Desde el presente es bastante claro que estaban haciendo algo que podría llamarse vanguardia o que al menos era muy experimental. ¿Cómo lo pensaban entonces?
–La verdad es que yo nunca siento que estoy haciendo vanguardia, pero siempre me doy cuenta de que se mueve algo con lo que hago, de un lado y del otro. Pero no hay una propuesta. Creo que en Alberto [Restuccia] sí, había una cosa más como de Yvonne Rainer, como de manifiesto, de [Antonin] Artaud, que es lo que nos salía hacer, por lo menos a mí. El Bebe [Cerminara] era un divino, era puro teatro. Jorge [Freccero] muy muy intelectual, muy inteligente. Teníamos ahí como una fogata de cosas y mucha pasión humana. Aquellas épocas eran en algún sentido más heroicas que ahora; dejabas todo. Ahora lo veo más saludable, como que la gente tiene hijos, hay algo más, la dedicación es distinta, tienen más espacio. Antes en las pasiones y en las cosas amorosas había más conturbación; en ese sentido, veo a los jóvenes y está bueno: danzan, se casan, eligen a alguien, más tranquilos. Creo que nosotros veníamos muy de mover todo. De repente no era intencional, pero había una necesidad de libertad, de un tipo de amor distinto, como todo el movimiento de los 60, de mucha expansión de conciencia y mucha libertad, como una ola de amor. Algo que de repente no tenía las mismas piernas que los yuppies después, esa cosa de “ahhh, acá estoy yo, y voy a triunfar”. Pero fue una ola potente de algo nuevo, no porque quisiera ser nuevo, sino por necesidad.

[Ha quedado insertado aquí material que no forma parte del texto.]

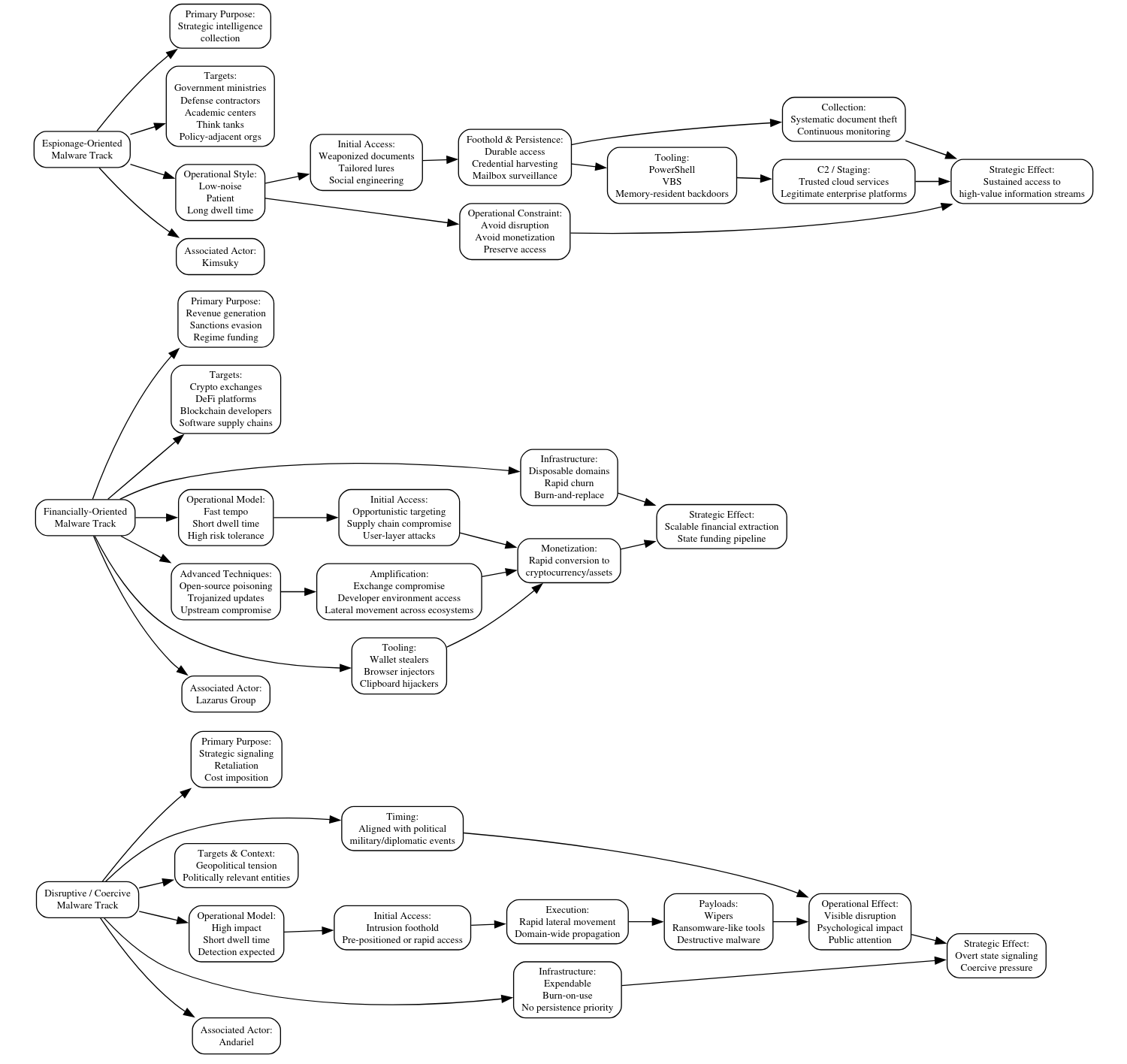 DPRK malware overview: The DomainTools security team has published a report looking at how North Korean hackers have diversified and deliberately split their malware dev into three main categories—for espionage, e-crime, and disruptive attacks.

Cuando hablás de esa pasión y de lo heroico me pregunto cómo creaban en esa época.
–En el caso de Teatro Uno, ellos me traían todo lo que escribían, y yo hacía la obra con eso y la dirigía. Era impresionante, cada día me traían poemas. La primera obra fue Poesías y la segunda fue de Samuel Beckett. Esto para decirte que no había esa cosa de separación, porque en el mismo espectáculo yo dirigía una parte, que era la de Beckett, y después Elena Zuasti, que era de la Comedia Nacional, dirigía la segunda parte, que era una obra de Alberto que se llamaba Epifanía; todo en el mismo programa. Y el Bebe era el niño mimado de la Comedia: todos lo veían como un talento.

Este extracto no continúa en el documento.